• **Data section**

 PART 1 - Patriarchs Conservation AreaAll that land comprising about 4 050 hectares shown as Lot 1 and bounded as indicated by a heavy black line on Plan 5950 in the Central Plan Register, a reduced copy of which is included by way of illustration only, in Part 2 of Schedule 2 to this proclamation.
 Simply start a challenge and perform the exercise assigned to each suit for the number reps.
* * *
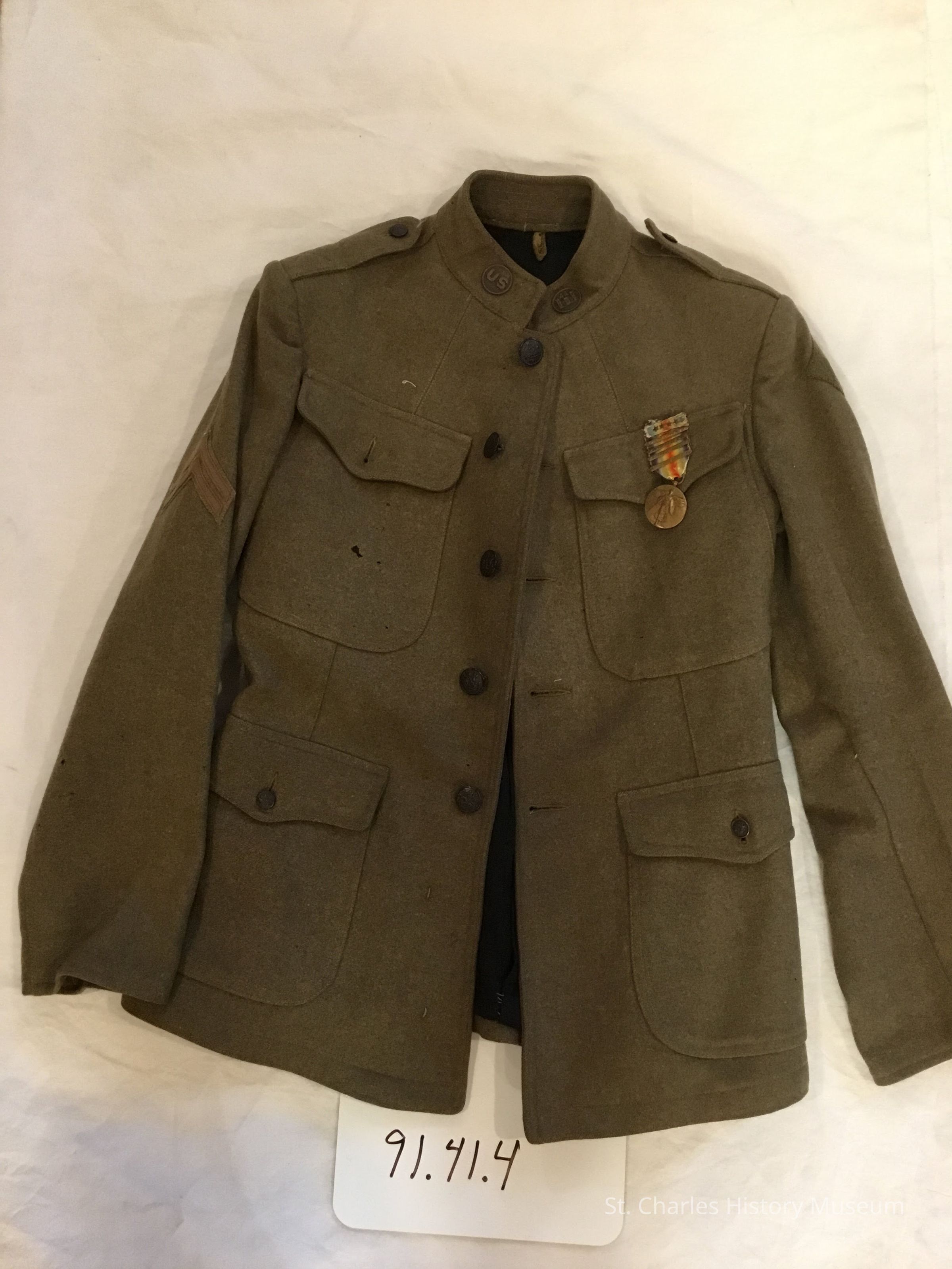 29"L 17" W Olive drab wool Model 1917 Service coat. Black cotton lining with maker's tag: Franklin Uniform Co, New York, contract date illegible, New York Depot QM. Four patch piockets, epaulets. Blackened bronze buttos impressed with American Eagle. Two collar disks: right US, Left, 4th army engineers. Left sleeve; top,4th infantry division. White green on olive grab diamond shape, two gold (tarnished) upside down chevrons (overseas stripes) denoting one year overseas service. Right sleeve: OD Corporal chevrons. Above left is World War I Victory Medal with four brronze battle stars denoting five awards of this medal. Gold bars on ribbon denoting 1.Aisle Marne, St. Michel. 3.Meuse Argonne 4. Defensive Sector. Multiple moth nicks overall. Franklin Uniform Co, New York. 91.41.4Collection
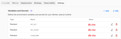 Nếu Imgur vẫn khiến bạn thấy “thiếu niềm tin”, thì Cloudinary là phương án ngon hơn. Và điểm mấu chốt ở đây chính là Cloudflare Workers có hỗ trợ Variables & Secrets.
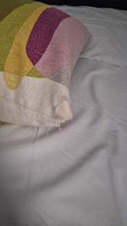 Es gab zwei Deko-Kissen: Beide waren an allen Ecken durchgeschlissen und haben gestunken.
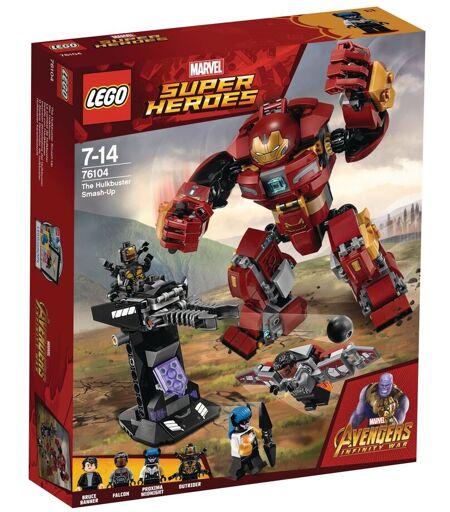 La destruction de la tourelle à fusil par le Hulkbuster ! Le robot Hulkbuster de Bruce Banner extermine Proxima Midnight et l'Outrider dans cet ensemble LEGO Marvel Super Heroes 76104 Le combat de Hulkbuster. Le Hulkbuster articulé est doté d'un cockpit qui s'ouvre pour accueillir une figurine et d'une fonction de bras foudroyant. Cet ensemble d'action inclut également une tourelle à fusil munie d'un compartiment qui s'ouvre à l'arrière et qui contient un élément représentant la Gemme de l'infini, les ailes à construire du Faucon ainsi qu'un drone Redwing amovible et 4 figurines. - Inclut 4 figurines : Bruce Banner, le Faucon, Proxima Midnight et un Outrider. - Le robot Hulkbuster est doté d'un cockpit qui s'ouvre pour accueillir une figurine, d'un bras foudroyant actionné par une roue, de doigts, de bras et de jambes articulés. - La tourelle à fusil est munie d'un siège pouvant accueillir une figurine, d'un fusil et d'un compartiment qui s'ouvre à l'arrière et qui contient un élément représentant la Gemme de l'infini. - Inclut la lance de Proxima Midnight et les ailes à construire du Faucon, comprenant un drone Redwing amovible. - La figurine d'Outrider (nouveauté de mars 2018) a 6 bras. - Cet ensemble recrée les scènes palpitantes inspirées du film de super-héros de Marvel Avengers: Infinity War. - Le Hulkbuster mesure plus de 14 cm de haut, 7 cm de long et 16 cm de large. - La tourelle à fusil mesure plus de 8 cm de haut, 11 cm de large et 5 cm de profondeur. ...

• **What you will do**
Please write out, exactly as they appear above, only the lines in the stretch from the line with "PART 1 - Patriarchs" through the line with "Simply start a".

• **Reply**
 PART 1 - Patriarchs Conservation AreaAll that land comprising about 4 050 hectares shown as Lot 1 and bounded as indicated by a heavy black line on Plan 5950 in the Central Plan Register, a reduced copy of which is included by way of illustration only, in Part 2 of Schedule 2 to this proclamation.
 Simply start a challenge and perform the exercise assigned to each suit for the number reps.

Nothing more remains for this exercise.